Processing Levels and Product Stages

Here we describe the structure and content of the most frequently used forms of files for JWST science data products, the vast majority of which are in FITS format. Each type of FITS file is the result of serialization of a corresponding data model. All JWST pipeline input and output products, with the exception of a few reference files and catalogs, are serialized as FITS files. The ASDF representation of the data model is serialized as a FITS BINTABLE extension within the FITS file, with EXTNAME=”ASDF”. The ASDF extension is essentially a text character serialization in YAML format of the data model. The ASDF representation is read from the extension when a FITS file is loaded into a data model to provide the initial instance of the data model. Values in the other FITS extensions then either override this initial model or are added to it.

Within the various STScI internal data processing and archiving systems that are used for routine processing of JWST data, there are some different uses of terminology to refer to different levels or stages of processing and products. For those who are interested or need to know, the table below gives high-level translations between those naming conventions.

Data Processing Levels

User Data Product Stages

MAST/CAOM Data Levels



-1 = Planned, but not yet executed

Level 0 = Science telemetry

Not available to users

Not available to users

Level 0.5 = POD files

Not available to users

Not available to users

Level 1a = Original FITS file

Stage 0 = Original FITS file

0 = raw (not available to users)

Level 1b = Uncal FITS file

Stage 0 = Fully-populated FITS file

1 = uncalibrated

Level 2a = Countrate exposure

Stage 1 = Countrate FITS file

2 = calibrated

Level 2b = Calibrated exposure

*Level 2c = CR-flagged exposure

Stage 2 = Calibrated exposure

2 = calibrated

Level 3 = Combined data

Stage 3 = Combined data

3 = Science product

*Note that Level 2c files are intermediate files produced during pipeline Stage 3 processing, and are not final products (as opposed to all the other product types that are listed here). Therefore, Level 2c files are not a final product of any pipeline stage, but are produced within the pipeline Stage 3 processing. Level 2c files (identified by the ‘crf’ extension) are in the same format as Level 2b products, with the difference being that their data quality flags have been updated after running outlier detection in pipeline Stage 3 processing.
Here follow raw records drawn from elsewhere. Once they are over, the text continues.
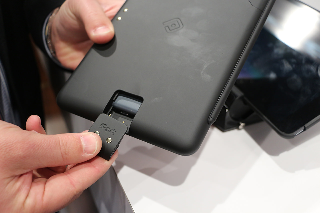 Questi prodotti, sono studiati per essere collocati e non più tolti. A questo scopo presentano un sistema di ricarica a contatto, due connettori collocati uno sul lato corto e uno sul lato lungo che sfruttano un dock di ricarica. I due connettori portano alla porta Lightning, fornendo così energia al tablet.
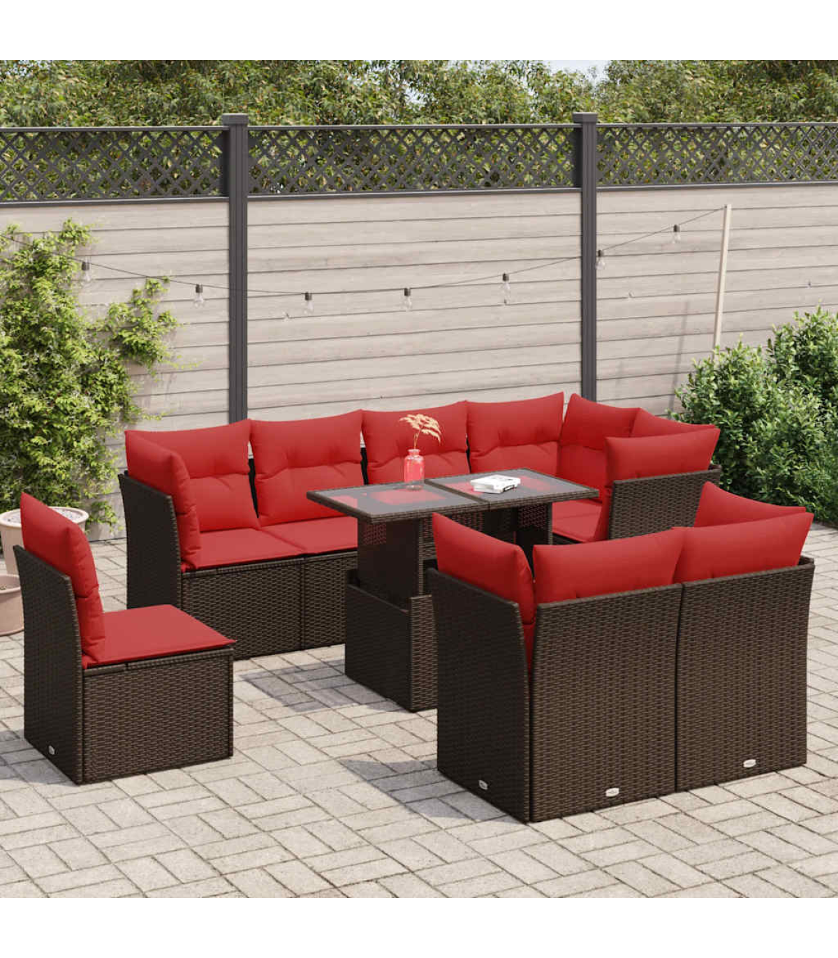 This garden sofa set is the perfect addition to your backyard, terrace, or patio, providing a comfortable and inviting space for chatting with family and friends or simply relaxing and enjoying the outdoors.Durable material: PE rattan, also known as poly rattan, is a strong, low-maintenance synthetic material that looks like natural rattan. It's lightweight, easy to clean, and commonly used for outdoor furniture due to its durability and weather-resistant properties.Storage function with water-resistant bag: Each garden seat features storage space under the seat, complete with a water-resistant bag for storing cushions, toys, and other items. The inner bags have a top cover and can be securely fastened to the seats with hook-and-loop fasteners for added stability.Removable and washable cover: These seat cushions feature removable covers for easy washing and maintenance.Modular design: This outdoor furniture set has a modular design, making it completely flexible and easy to move around, so you can create a customised outdoor furniture arrangement.Good to know:To make sure your outdoor furniture stays beautiful, we recommend protecting it with a waterproof cover.
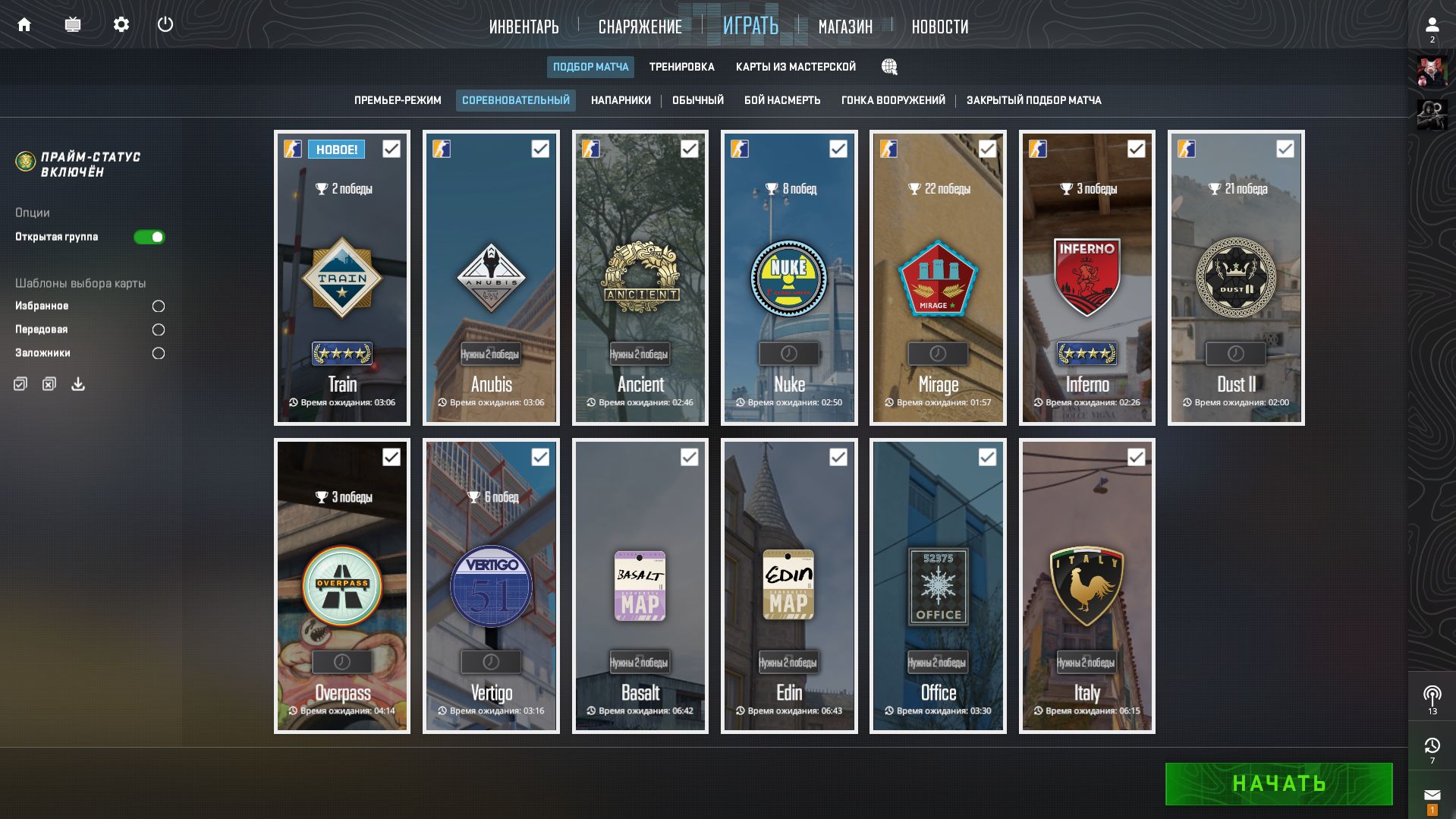 CS 2 Prime - Premier 18,959 + GOLD NOVA 3
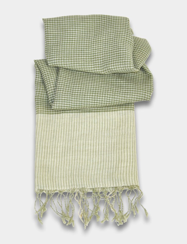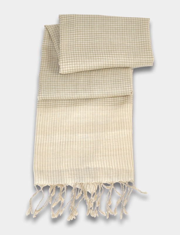 Modischer Schal im Vichykaro-Design und schmalen Streifen im Abschluss.
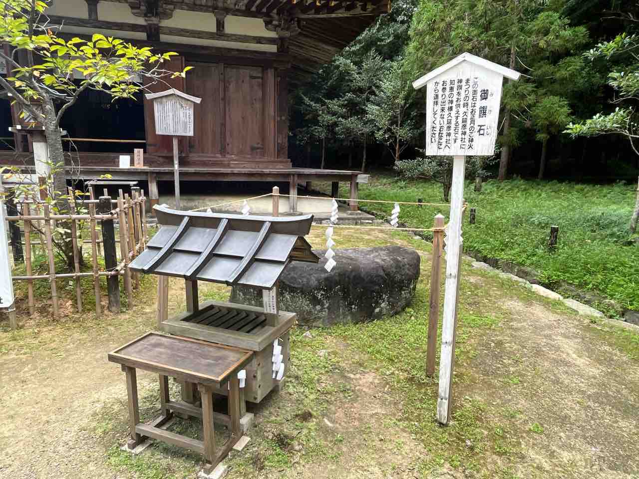 本殿前に置かれている御饌石(みけいし)。正月の神火祭の時に久延彦神社に神饌をお供えするための石のようです。
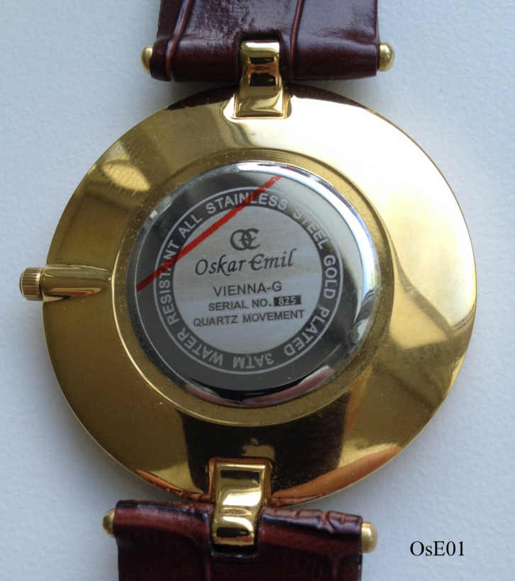 Eine Quartz Uhr der Marke Oskar Emil, Modell Vienna red, mit rotem Zifferblatt. Base Metal Gehäuse und Stainless Steel Back. Beschriftung vorn: ”Oskar Emil”, hinten: ”All Stainless Steel, Gold Plated, 3 ATM Water Resistant, Oskar Emil, Vienna-G, Serial Nr.: 825, Quartz Movement”, innen: “Japan, No 0 Jewels, Miyota Co., 1L22”, Braunes Lederarmband. Werk Miyota Kaliber 1L22
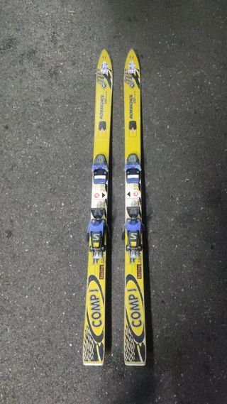 Esquís Rossignol Comp J para niños. Perfectos para iniciarse en el esquí. - Esquís amarillos con diseño deportivo. - Fijaciones Salomon. - Marca: Rossignol. - Modelo: Comp J. 145cm
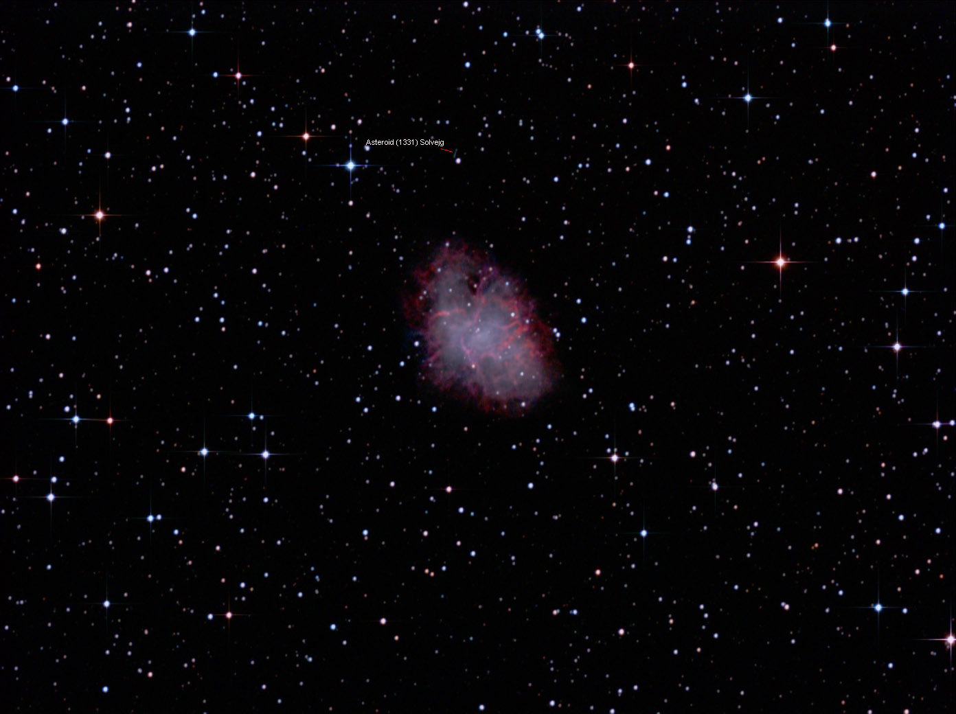 - Crab Nebula (w/asteroid (1331) Solvejg, magnitude 16.3) (click image for full-scale)

Throughout this document, we will use the “Stage” terminology to refer to data products. Stage 0, 1, and 2 products are always files containing the data from a single exposure and a single detector. A NIRCam exposure that uses all 10 detectors will therefore result in 10 separate FITS files for each of the Stage 0, 1, and 2 products. Because these stages contain the data for a single exposure, they are refered to as “exposure-based” products and use an “exposure-based” file naming syntax. Stage 3 products, on the other hand, are constructed from the combined data of multiple exposures for a given source or target. They are referred to as “source-based” products and use a “source-based” file naming syntax. Observing modes that include multiple defined sources within a single exposure or observation, such as NIRSpec MOS and NIRCam/NIRISS WFSS, will result in multiple Stage 3 products, one for each defined or identifiable source.